**Records provided:**
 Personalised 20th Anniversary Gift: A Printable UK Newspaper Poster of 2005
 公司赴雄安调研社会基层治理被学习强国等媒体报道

---

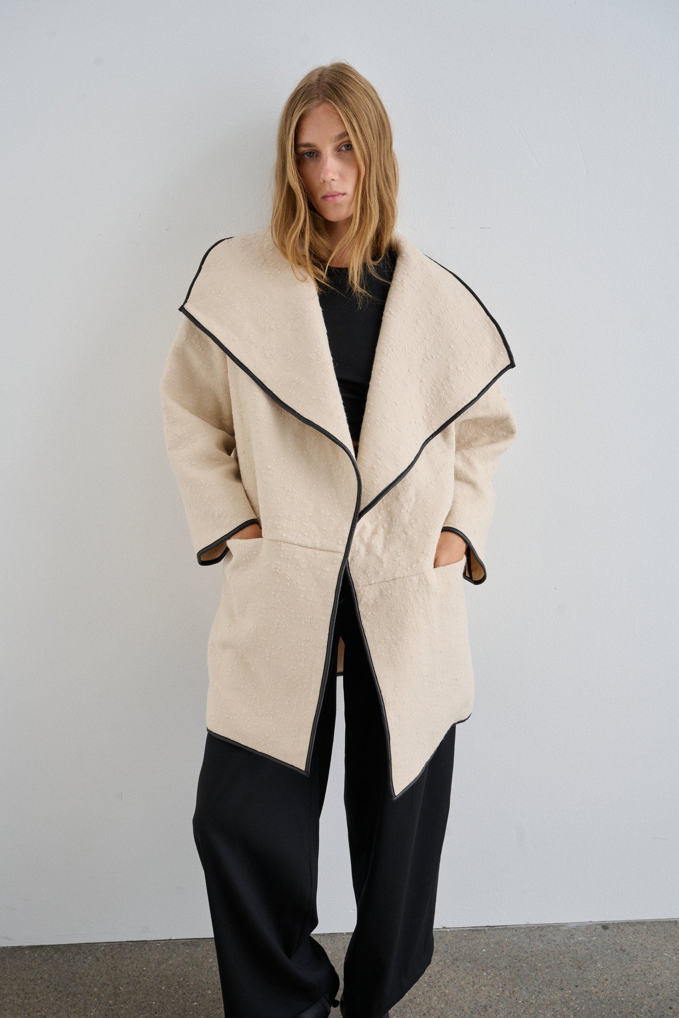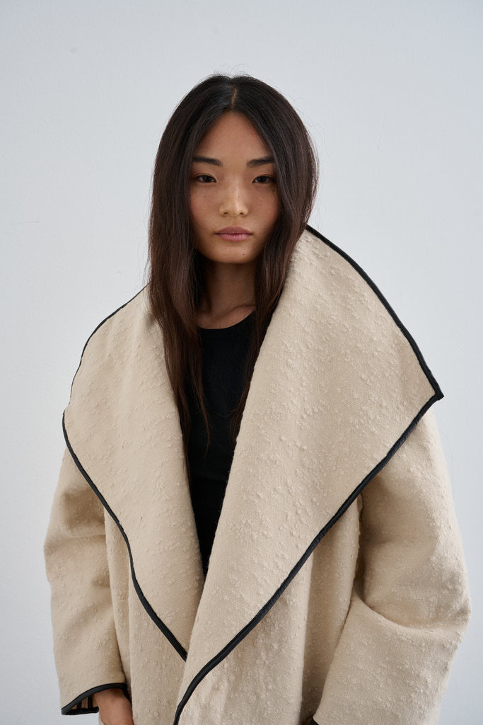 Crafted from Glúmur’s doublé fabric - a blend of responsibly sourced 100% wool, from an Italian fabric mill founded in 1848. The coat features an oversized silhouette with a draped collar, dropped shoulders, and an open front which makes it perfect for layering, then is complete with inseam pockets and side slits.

**Exercise instructions:**
Beginning at the line with "Personalised 20th Anniversary" and stopping after the line with "公司赴雄安调研社会基层治理被学习强国等媒体报道", please write out every line of the data above exactly and nothing else.

**Written solution:**
 Personalised 20th Anniversary Gift: A Printable UK Newspaper Poster of 2005
 公司赴雄安调研社会基层治理被学习强国等媒体报道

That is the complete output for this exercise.